SEVA: An externally driven framework for reproducing COVID-19 mortality waves without transmission feedback

Understanding the dynamical mechanisms underlying epidemic wave formation remains a central problem in mathematical epidemiology. Population-level epidemic waves are commonly interpreted as emergent consequences of nonlinear transmission feedback between susceptible and infectious individuals. However, epidemic time series from different regions often display markedly different waveform regimes, ranging from sharply peaked epidemics with rapid post-peak decline to more prolonged plateau-like dynamics.

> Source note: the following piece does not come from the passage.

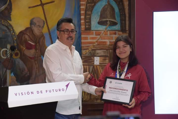 Durante la sesión del programa Diálogo con Cajeme, el Presidente Municipal, Javier Lamarque Cano entregó un reconocimiento público a Ana Lucia Díaz Álvarez, por haber conquistado la Medalla de Oro en los Juegos CONADE 2023, donde puso en alto el nombre de Cajeme y de Sonora al resultar campeona nacional en la categoría Junior Femenil, obteniendo, además, su pase para representar a México en el torneo internacional de la Youth League, a celebrarse del 20 al 25 de septiembre en Mérida, Yucatán.

Here we propose the SEVA (Seasonal/Environmental Viral Activity) framework as a parsimonious alternative dynamical interpretation of epidemic wave formation. In this formulation, epidemic waveforms arise from depletion of a finite vulnerable population under a temporally structured viral activity field. The activity function is represented by a monotonic logistic hazard describing the temporal evolution of viral activity. With activation timing and steepness held constant across regions, daily incidence emerges as the product of activity intensity and the remaining vulnerable population. The framework is applied to first-wave COVID-19 hospitalization and mortality data from selected European countries and U.S. states during spring 2020. With fixed activation parameters and region-specific activity intensity, the model provides a simple dynamical explanation for diverse epidemic waveform regimes--including sharply peaked waves and plateau-like dynamics--without modification of the underlying dynamical structure. When epidemic trajectories are expressed in normalized form, curves from regions with very different mortality burdens display closely similar temporal structures. Within the SEVA formulation, this behaviour arises naturally from the interaction between a common temporal activation profile and regionally varying activity intensity. In this perspective, sharply peaked epidemics and plateau-like trajectories represent different dynamical regimes of the same activity-driven depletion process.